I really do wish you the best for you and your family.

2 moms found this helpful

I would say no, don't take him back! Why did he have an affair in the first place! If he did it once he might do it again, and will you live being insecure the rest of your life? I think, you can do great things and help your daughter through life without having her father in the same house! If you take him back and it happens again, you will be going through the same pain again and again! He must face reality and feel the consequences for his actions!
It might seem harch to you, but I went through something like that! If you are interested email me: ____@____.com

Good luck

2 moms found this helpful

Only you can make this decision, of course; but, NEVER stay together for the child or children. They know more than you realize.

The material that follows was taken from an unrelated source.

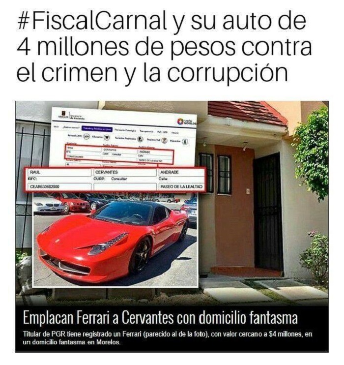 Una investigación realizada por la organización Mexicanos Contra la Corrupción y la Impunidad da cuenta de que el actual Procurador General de la República, Raúl Cervantes Andrade, emplacó un auto Ferrari 458 Coupé en un domicilio que corresponde a una vivienda de interés social, que se encuentra deshabitada y se ubica en Xochitepec, Morelos.

My experience is if it won't work once, it won't work twice !

I will say no more.

God bless whatever you decide.

2 moms found this helpful

First of all I am very sorry for what you are going through. My husband after 14 years of marriage told me that he had been having an affair for the past year with a girl he worked with. I was like you totally shocked. We had our issues, but nothing to this extreme. He first made excuses on maybe it was better to end the marriage. The hard part also was that we have three children together, 10 boy, 6 girl and a 1 boy. He was born while the affair was going on. Our son was a suprise and I have horrible pregnancey's. I have diabetes and they require lots of medical intervention. It was a stressful time. Anyway, we are three months into our recovery. We have been in counseling recommened by our pastor. Our counselor is a God sent. She has been a vital source to our staying together. I feel your pain for you. I am here telling you, you can work this out. It does take lots of prayer, hard work and time. Please know that you are in my thoughts and prayers. I know my marriage was saved and it is on the road to being even better than ever before. God's blessing to you!